Итак, мы вернулись к понятию литературной техники, но теперь лишь смысл произведения определяет, к какой именно технике прибегнуть. Воззрение о «ясном, точном, натуралистичном письме» на все случаи жизни – изжито. Оценивая стиль, мы по-прежнему взыскуем экономичности и яркости; но окончательное суждение выносится на основании более гибкого критерия: работает ли?

Ввиду новообретенной гибкости стало допустимым более или менее разумно сопоставлять разнородные плоды литературного творчества. Сравнение может быть полезно при анализе, но оценочные суждения, как правило, ведут в тупик. Что лучше, «Гордость и предубеждение» или «Путешествия Гулливера»? Вопрос абсурден, хотя оба сочинения относятся к разряду «классических шедевров». Столь же абсурдно – пытаться подобным образом сопоставить, скажем, «Больше чем люди» и «Над пропастью во ржи».

Вернемся же к нашим Дишу и Желязны:

Говорить, что тот или иной автор «не уступает мэйнстриму», что ему «под силу писать мэйнстрим» или «следует писать мэйнстрим», значит упускать главное – а также хлестать кобылу, которая в рамках самого мэйнстрима давно объявлена поп-апологетами (Кингсли Эмис, Сьюзен Зонтаг) критически недееспособной. До сегодняшнего дня и Диш, и Желязны писали фантастику, следовательно рассматривать их следует в ее рамках. Кстати, фантастику они писали совершенно разную.

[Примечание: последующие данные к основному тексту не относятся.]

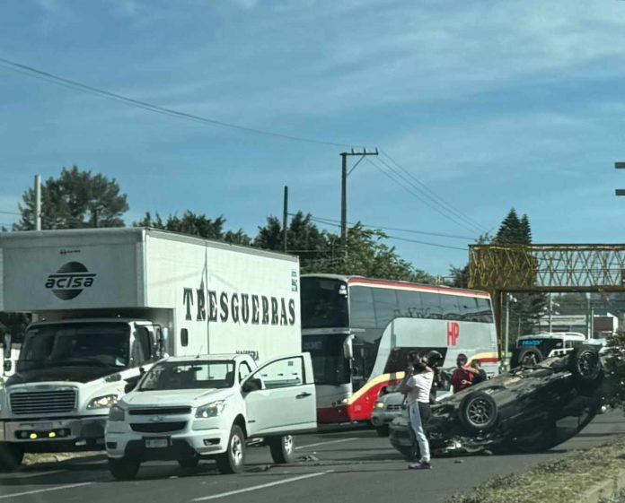 Morelia, Mich.- La volcadura de un automóvil compacto generó movilización de los cuerpos de emergencia sobre la carretera Morelia-Salamanca, a la altura de la embotelladora Aga y la colonia Los Ángeles en la ciudad de Morelia, trascendió en la labor periodística.
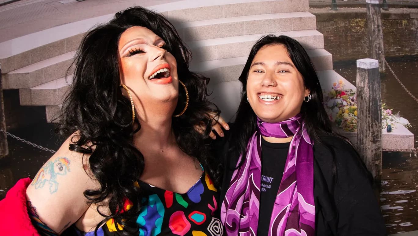 Deze ontmoeting is tussen dragqueen Heisa Jynx (41), links op de foto, en Raven Kooren (25), evenementmanager en programmeur.

Произведения обоих изобилуют литературными, историческими и мифологическими аллюзиями. Тонкость чувствования такова, что допускает скрупулезный психологический и социологический анализ, причем как на современном материале, так и на историческом. Свидетельством тому – их фантастика.

Да, первая моя реакция была: «Что они тут делают?!» Тем не менее, они именно тут. А в искусстве течения и направления («волны», если угодно) определяются тем, что пишут писатели, что читают читатели, и противоречиями между тем и другим. Критики в лучшем случае фиксируют этот процесс. В худшем – они фиксируют его неточно.


II

Восемь дней тому назад в Эрфурт прибыл некий хиромант по имени Георгий Фауст, гейдельбергский полубог, истинный хвастун и глупец. Искусство его, как и всех прочих прорицателей, дело пустое, и такая физиогномика легковеснее, чем мыльный пузырь. Невежды восторгаются им. <...> Я сам слышал в харчевне его вздорные россказни, но не наказал его за дерзость, ибо что мне за дело до чужого безумия!

Из письма Муциана Руфа, каноника в Готе, своему ученому другу Генриху Урбану, в монастыре Георгенталь, 7 октября 1513 г. Пер. С. А. Акулянц.

Литературный метод обоих авторов – символизм.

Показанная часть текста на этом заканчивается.